WHAT THE TASK REQUIRES = Every line of the listing below must be printed again exactly, apart from its pictures.

SOURCE MATERIAL =
● ● ● ● ● ● ●

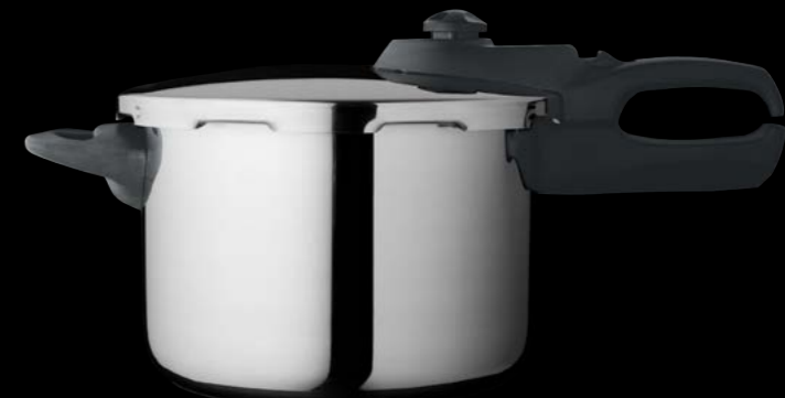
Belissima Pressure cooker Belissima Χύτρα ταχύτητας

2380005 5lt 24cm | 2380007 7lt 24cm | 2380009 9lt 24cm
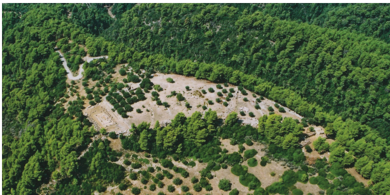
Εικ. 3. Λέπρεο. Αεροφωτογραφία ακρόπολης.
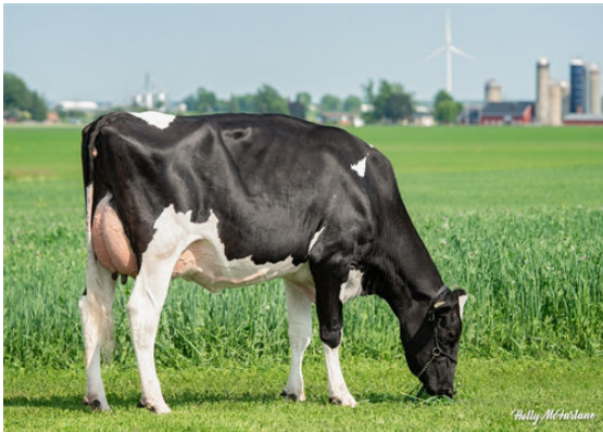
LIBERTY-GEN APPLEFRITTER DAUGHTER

● ● ● ● ● ● ●

RESPONSE BOX =
Belissima Pressure cooker Belissima Χύτρα ταχύτητας

2380005 5lt 24cm | 2380007 7lt 24cm | 2380009 9lt 24cm
Εικ. 3. Λέπρεο. Αεροφωτογραφία ακρόπολης.
LIBERTY-GEN APPLEFRITTER DAUGHTER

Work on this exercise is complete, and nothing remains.